When asked about the scale of demand for new office space, he said Bloomberg’s “Pret index,” which uses sandwich shop sales figures to compare global cities, shows London’s economy is “rebounding harder and stronger” than rivals like New York and Tokyo. .
This was supported by Transport for London passenger data, which showed that trips were about 80 percent of normal, although fewer workers came to the office on Monday and Friday.
City Corporation now wants developers to consider whether office buildings can be retrofitted before allowing proposals aimed at demolishing skyscrapers to be considered.
“I think that’s the biggest agenda item we have to address in terms of planning in the commercial real estate world,” said Joshi.
“We expect developers to come to us with a renovation argument first. You have to have a good argument to explain why that building can’t be retrofitted and you can’t use the existing carbon to bring that building to a commercial state.
“They need to get past this hurdle before getting into any pre-application discussion about development plans.”
Peter Murray, co-founder of New London Architecture, said the new developments were “good news” and countered perceptions that “everything has come to a standstill” due to the pandemic and economic downturn.
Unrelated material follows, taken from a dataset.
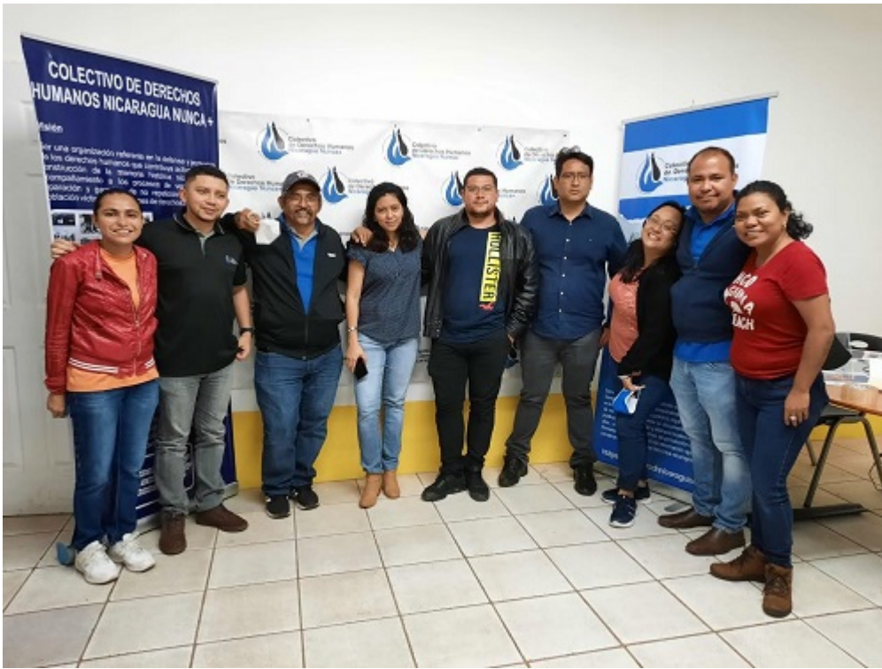
El Colectivo de Derechos Humanos Nicaragua Nunca Más as featured on NED website.

ANPDH reopened in Costa Rica and received more than $700,000 from USAID in 2020-2021. U.S. agencies such as the NED and USAID are still actively working with many organizations linked to Nicaragua, and the Open Society Foundation has just contracted a prominent opponent of the Sandinista government to administer a $25 million fund to promote women's political leadership .

He said: “There are several reasons for this. One is ‘flight to quality’ – companies with upcoming leases want to move to the newest offices and improve themselves [staff] well-being
“This means there will be second-hand office space, which is a bit more problematic. But they have a feeling. [property] Agents in the city say that when these new buildings are completed in five years, there will be a shortage rather than an abundance of office space.
“Firms like HSBC in Canary Wharf are reviewing their location and looking for something smaller. Maybe the City of London will become more attractive as a location for larger companies.”
said 300pearl Next year, the anniversary of Sir Christopher Wren’s death, would bring visitors from all over the world to London.
“The City of London is very different from most of the ‘old town’ areas of Europe, such as Madrid, Rome and Paris, which are kept in jelly and are barely touched,” Murray said. “The City of London has always been sensitive to the needs of the business community.”